Re: simulated network failure & error messages

2009-02-27 Thread Ulrich Windl

On 26 Feb 2009 at 9:51, Mike Christie wrote:

> 
> Ulrich Windl wrote:
> > Hello,
> > 
> > I've simulated a remote network failure by adding a blackhole route for one 
> > of the 
> > remote iSCSI ports, watching the kernel messages of SLES 10 SP1 (open-iscsi-
> > 2.0.707-0.32). I tried to follow the configuration guidelines in README for 
> > using 
> > multipath. The host sees three target LUNs, each reachable via 16 paths 
> > like this:
[...]
> > It all starts with this:
> > iscsid: cannot make a connection to 172.20.76.1:3260 (101)
> > kernel:  connection224:0: iscsi: detected conn error (1011)
> > kernel:  connection225:0: iscsi: detected conn error (1011)
> > kernel:  connection226:0: iscsi: detected conn error (1011)
> > kernel:  connection227:0: iscsi: detected conn error (1011)
> > [...more and repeating about every second...]
> 
> The detected conn error messages are not repeating are they? It should 
> only fire once when we detect a problem.

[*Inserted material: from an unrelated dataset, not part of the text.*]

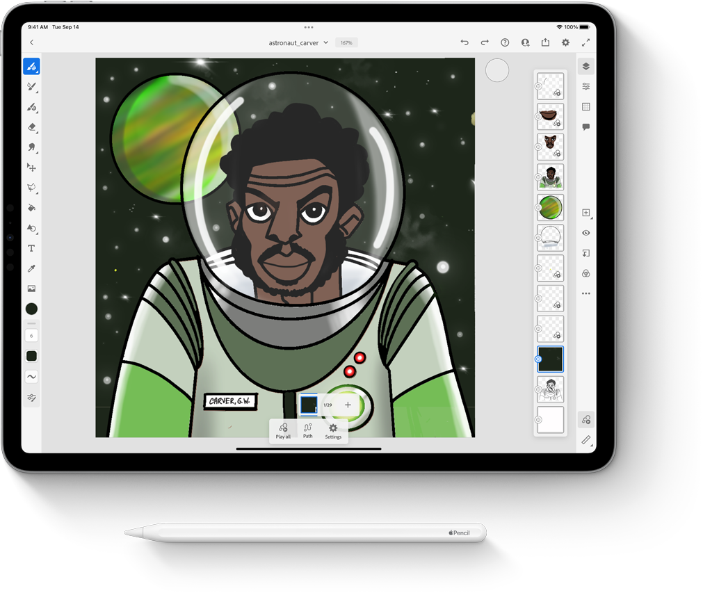 iPad Pro et Apple Pencil. Les technologies Apple sous-tendent la toile numérique d’Ajuan. Si la polyvalence d’iPad est idéale pour illustrer, présenter et enseigner, la précision et la prise en main naturelle de l’Apple Pencil font qu’il est facile de montrer comment peindre et dessiner des personnages inspirants dans Adobe Fresco.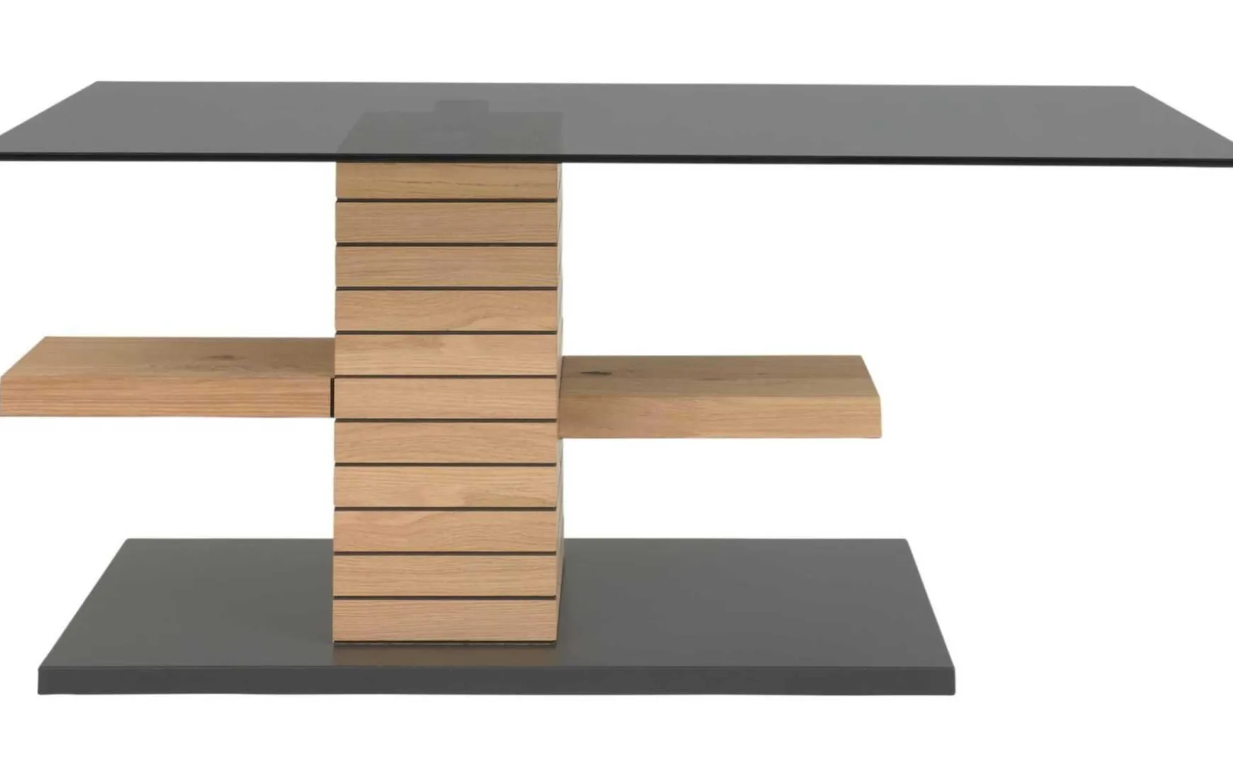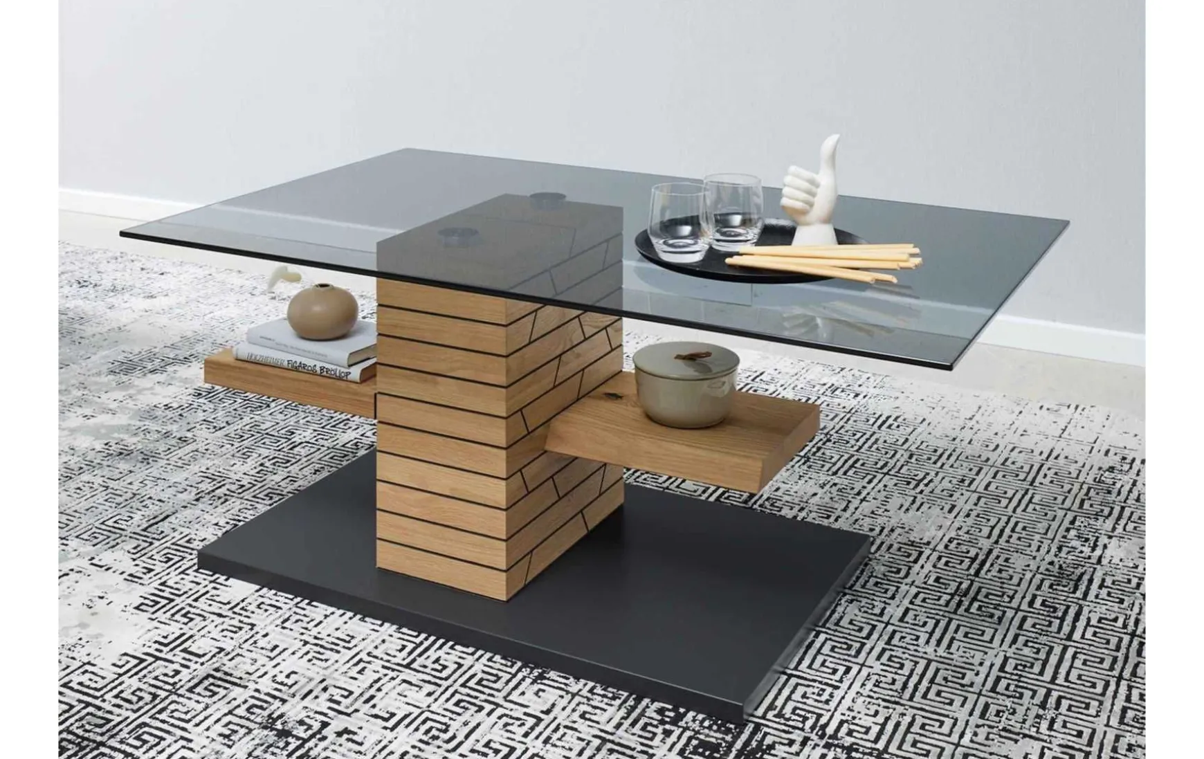 Der edle Couchtisch verbindet pure Eleganz mit einladender Natürlichkeit. Seine Platte aus grauem Parsolglas sowie der Korpus in massiven Hirnholzblockstreifen sorgen für einen zeitlosen Stil. Dazu bildet schiefer-schwarzer Mattlack eine harmonische Ergänzung. Damit passt das Design zu facettenreichen Einrichtungsstilen und Farben Ihres Interieurs: ob als Sofatisch oder als praktisches Beistellmöbel mit extra Ablagefläche. Der Glasplattentisch bringt Maße von ca. 110 x 46 x 70 cm (LxHxT) mit, während die Plattenstärke ca. 8 mm beträgt.

Yes, there is only one "conn error" per connection.

> 
> > iscsid: detected iSCSI connection 224:0 error (1011) state (3)
> > iscsid: cannot make a connection to 172.20.76.1:3260 (101)
> 
> These ones do spit out over and over. I agree we should have some back 
> off code for that. Will fix it in a second.

Very good!

[...]
> > [ the other thing is that multipathd REPEATEDLY reports the paths being 
> > down, i.e. 
> > it reports the STATE, not the TRANSITION of the state.: ]
> 
> Do you mean it repeatedly reports this for each path or that you get a 
> message for each path that is on the same session/connection?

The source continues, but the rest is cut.